Akşehir’in bir köyünde (pardon mahalle diyecektim) yaşadıklarını, çocuğunun taşımalı olarak okula gidip geldiğini, 10 dekar bahçeleri ve bir inekleri olduğunu, oradaki evi kapatıp, buradan satılık ya da kiralık bir ev bulup, şehre taşınmaya karar verdiklerini söyledi.

“Kardeşim; köyde hayatınızı idame ettirecek, hatta birikim dahi yapabildiğiniz bir düzeniniz varken, neden terk ediyorsunuz?” diye sordum.

“Köyde okulumuz açık tutulsaydı, çocuğun taşımalı gidiş gelişleri, bizler için ayrı bir iş olarak görünmezdi. Çocuğumuz sürekli yanımızda kalacak olsaydı, tarla bahçe derken, belki zamanla hayvan sayımızı da artırıp, üretici olarak rızkımızı kazanmaya devam edebilirdik. Haliyle, çocuğumuzun da ileride kendine ve ailesine yetecek bir iş arayışı olmaz, köy ona yeter artardı bile. Fakat bu on iki yıllık kesintisiz eğitimin mecbur edilmesi, zaten bizim köy ve komşu köylerde, genç nüfus bırakmadı. Köylerimiz artık hızla yaşlanıyor, ölenlerin evleri dahi yıkılarak yok oluyor. Şehre giden aç ta kalsa tok ta olsa, bir daha köyünde yaşamak için dönmüyor” dedi.

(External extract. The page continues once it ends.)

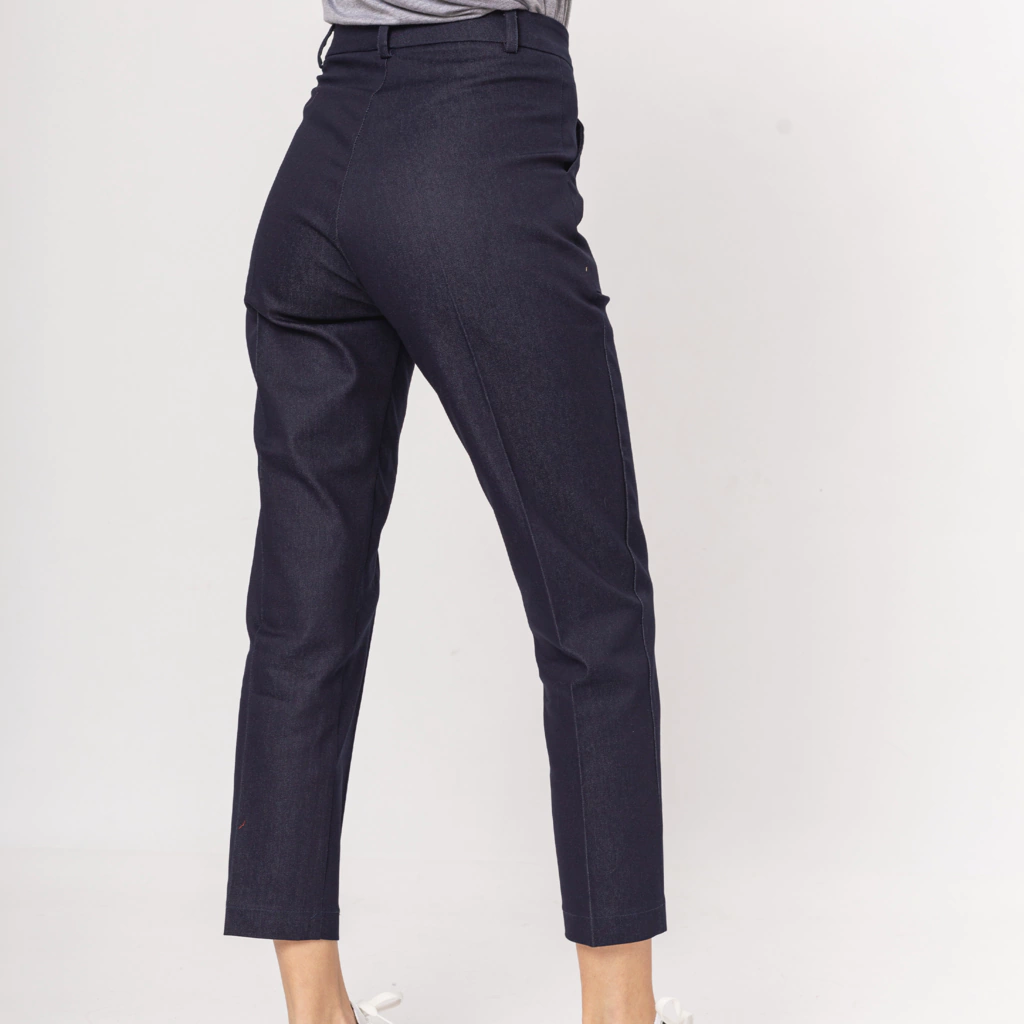 Pantalón de simil jean de corte recto achupinado, tiro medio alto y con bolsillos delanteros.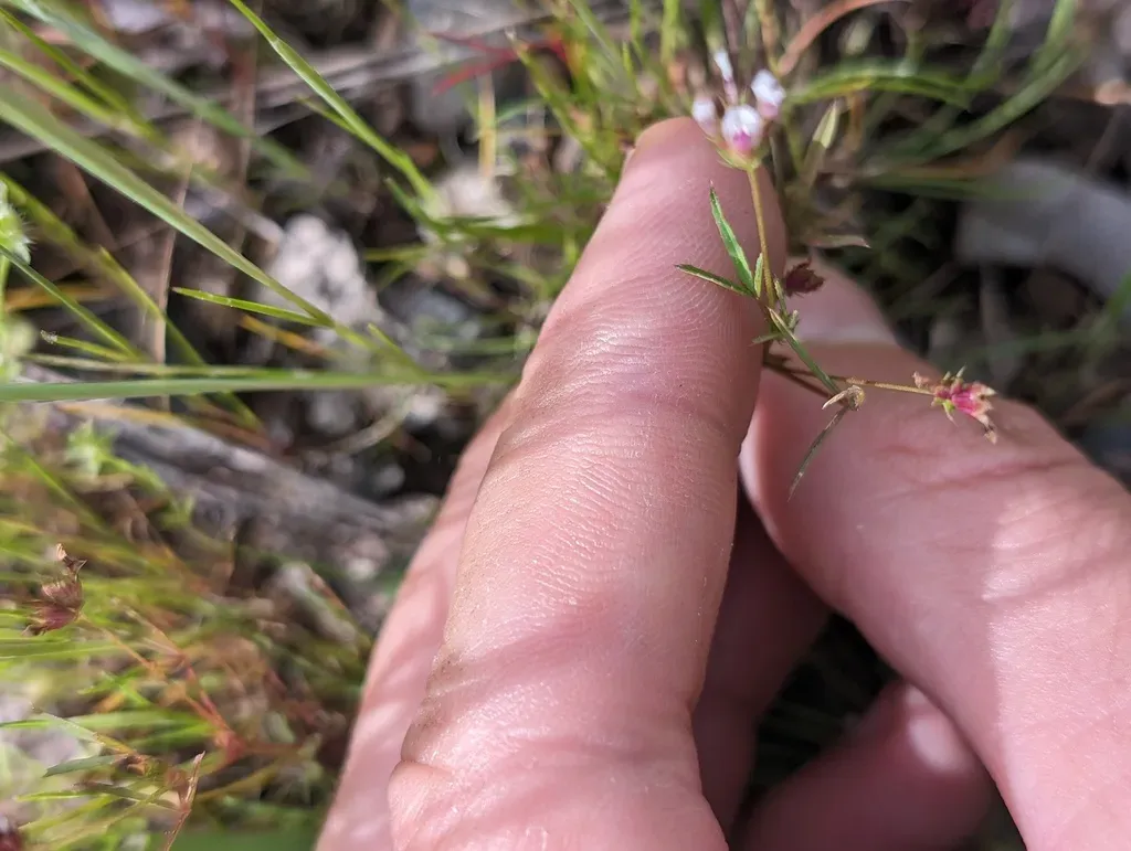 Few-flowered Clover (Trifolium Oliganthum) is a annual herb in the Fabaceae family with easy care difficulty. It requires moderate watering and full sun or partial shade light in USDA hardiness zones 7-10. This plant is safe for cats and dogs.

“Şu da bir gerçek, çocuğumun dersleri zorla sınıf geçer seviyede, ileri seviyede okullara gidecek ve başarılı olacak kapasitesi yok. Hoş, herkes memur amir olacak ta, kim köylü olup sizlere meyve sebze süt getirecek değil mi” diye sorunca, yerden göğe kadar haklısın kardeşim diyerek, onaylamak zorunda kaldım.

“Buraya taşındığınızda ne iş yapacaksınız” dedim; “Eşim kapıcılığa ben ev temizliğine giderim, çocuk ta iyi kötü liseyi bitirir ama sonu ne olur bilmiyorum” dedi.

Çok acı bir gerçek; iktidarın eğitim, tarım, hayvancılık politikalarındaki düzensizliği ve hesapsızlığı, milleti ne hallere düşürdü.

Köyleri önce mahalle yaparak şehir statüsü verdi, sonra boşalmasına vesile oldu. Köyde yaşamak, sanki köylü olmak, eziklik algısı oluşturdu.

Bu hükümet, belki de köylünün ürettiği ürünlere yüksek fiyatlar ödememek adına, ülkenin tarım ve hayvancılıkta dışa bağımlı hale gelmesinin müsebbibi oldu.

Her köyün kendine özgü bir yaşam tarzı, gelenek ve görenekleri vardı, önce çocukları kopardınız, sonra ailelerini taşınmak zorunda bıraktınız.

Köyünde eli bol, gönlü zengin, büyüğüne karşı saygısı, küçüğüne hoşgörüsüyle istikrarlı hayat yaşayanları, şehirdeki olumsuz hayatın içine çektiniz.